» **Task objective**: Retype the records below exactly as they appear, but leave out any pictures.

___ Material supplied

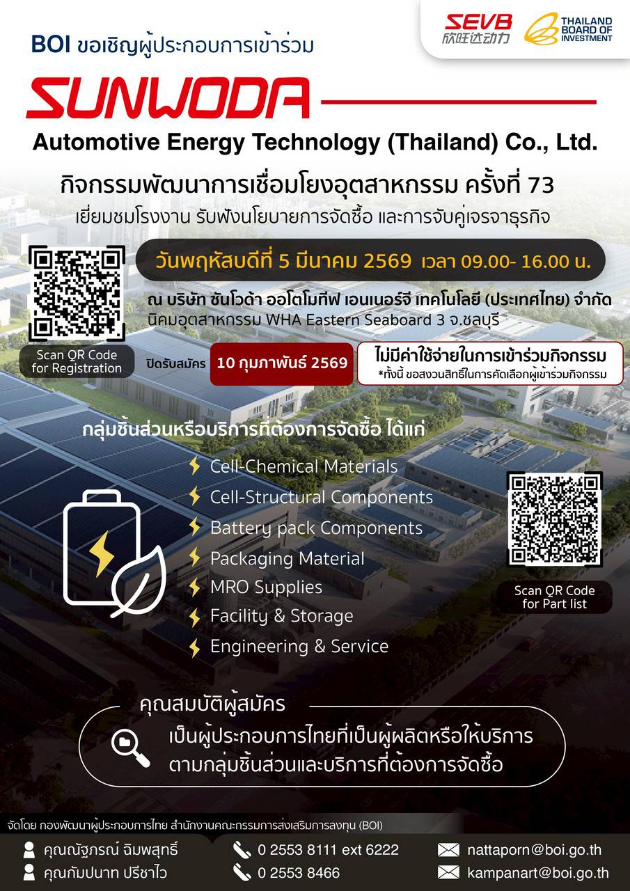 สำนักงานคณะกรรมการส่งเสริมการลงทุน (BOI) ร่วมกับ บริษัท ซันโวด้า ออโตโมทีฟ เอนเนอร์จี เทคโนโลยี จำกัด (Sunwoda Automotive Energy Technology) จัดกิจกรรมพัฒนาการเชื่อมโยงอุตสาหกรรม ครั้งที่ 73 เพื่อเปิดโอกาสให้ผู้ประกอบการไทยเข้าสู่ซัพพลายเชนอุตสาหกรรมยานยนต์ไฟฟ้าและแบตเตอรี่ระดับโลก ผ่านการเรียนรู้แนวทางการจัดซื้อ การเยี่ยมชมกระบวนการผลิต และกิจกรรมจับคู่ธุรกิจโดยตรง โดยมีกำหนดจัดขึ้นในวันที่ 5 มีนาคม 2569 ณ นิคมอุตสาหกรรม WHA Eastern Seaboard 3 จังหวัดชลบุรี
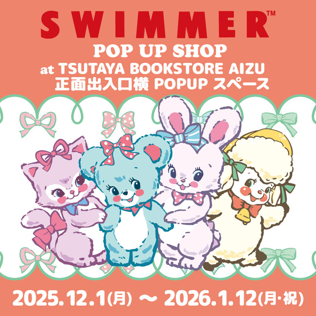 アイピーフォー株式会社(本社:東京都豊島区、代表取締役社長:小濱 剛)がライセンスを取り扱っている大人気雑貨ブランド「SWIMMER」は、2025年12月1日(月)~2026年1月12日(月)までTSUTAYA BOOKSTORE AIZUでPOP UP SHOPを開催!
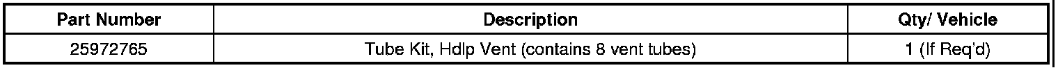 Headlamp Vent Tube Kit (Service Cap) P/N 25972765
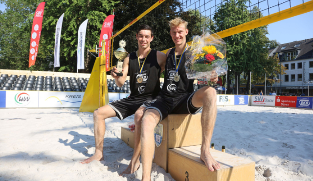Tobias Brand und Jonas Reinhardt gewinnen die westdeutsche Beachvolleyball-Meisterschaft. Das Beach-Team, das für den Hallen-Bundesligisten SWD powervolleys Düren startet, bestätigt den ersten Platz in der Setzliste für den DKB Beach Cup auf dem Schlossplatz in Jülich. Im Finale schlagen die beiden 21-Jährigen Routinier Jan Romund und seinen neuen Mitspieler Niko Meyer (Aasee) mit 2:0 nach Sätzen. Damit geht der Titel des westdeutschen Beachvolleyball-Meisters nach einem stimmungsvollen Turnier in Jülich erstmals nach Düren.
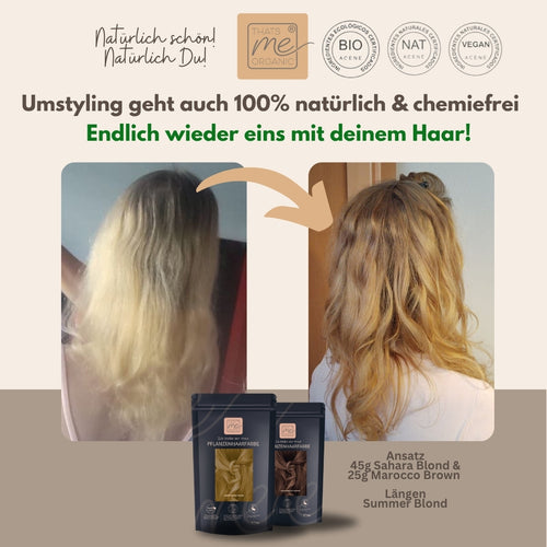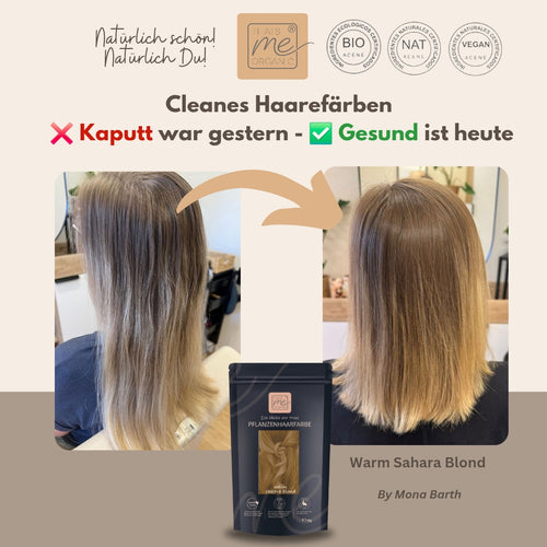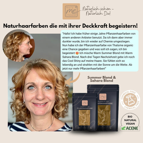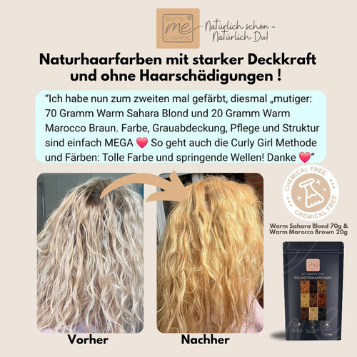 Il caldo biondo Sahara è un tono caldo biondo dorato-sabbia della serie di tinte vegetali per capelli Thats me Organic®. Copre molto bene i capelli grigi, con un leggero riflesso dorato. Questa miscela di colori non contiene rosso, ha un colore più sabbioso, ma non è freddo o cinereo. Non vi è alcun rischio di una dominante verde opaca. Più a lungo lascerai agire questo colore, più il colore risulterà ricco e opaco, anche un po' più dorato.

______

» **Response for this exercise**:
 สำนักงานคณะกรรมการส่งเสริมการลงทุน (BOI) ร่วมกับ บริษัท ซันโวด้า ออโตโมทีฟ เอนเนอร์จี เทคโนโลยี จำกัด (Sunwoda Automotive Energy Technology) จัดกิจกรรมพัฒนาการเชื่อมโยงอุตสาหกรรม ครั้งที่ 73 เพื่อเปิดโอกาสให้ผู้ประกอบการไทยเข้าสู่ซัพพลายเชนอุตสาหกรรมยานยนต์ไฟฟ้าและแบตเตอรี่ระดับโลก ผ่านการเรียนรู้แนวทางการจัดซื้อ การเยี่ยมชมกระบวนการผลิต และกิจกรรมจับคู่ธุรกิจโดยตรง โดยมีกำหนดจัดขึ้นในวันที่ 5 มีนาคม 2569 ณ นิคมอุตสาหกรรม WHA Eastern Seaboard 3 จังหวัดชลบุรี
 アイピーフォー株式会社(本社:東京都豊島区、代表取締役社長:小濱 剛)がライセンスを取り扱っている大人気雑貨ブランド「SWIMMER」は、2025年12月1日(月)~2026年1月12日(月)までTSUTAYA BOOKSTORE AIZUでPOP UP SHOPを開催!
 Headlamp Vent Tube Kit (Service Cap) P/N 25972765
Tobias Brand und Jonas Reinhardt gewinnen die westdeutsche Beachvolleyball-Meisterschaft. Das Beach-Team, das für den Hallen-Bundesligisten SWD powervolleys Düren startet, bestätigt den ersten Platz in der Setzliste für den DKB Beach Cup auf dem Schlossplatz in Jülich. Im Finale schlagen die beiden 21-Jährigen Routinier Jan Romund und seinen neuen Mitspieler Niko Meyer (Aasee) mit 2:0 nach Sätzen. Damit geht der Titel des westdeutschen Beachvolleyball-Meisters nach einem stimmungsvollen Turnier in Jülich erstmals nach Düren.
 Il caldo biondo Sahara è un tono caldo biondo dorato-sabbia della serie di tinte vegetali per capelli Thats me Organic®. Copre molto bene i capelli grigi, con un leggero riflesso dorato. Questa miscela di colori non contiene rosso, ha un colore più sabbioso, ma non è freddo o cinereo. Non vi è alcun rischio di una dominante verde opaca. Più a lungo lascerai agire questo colore, più il colore risulterà ricco e opaco, anche un po' più dorato.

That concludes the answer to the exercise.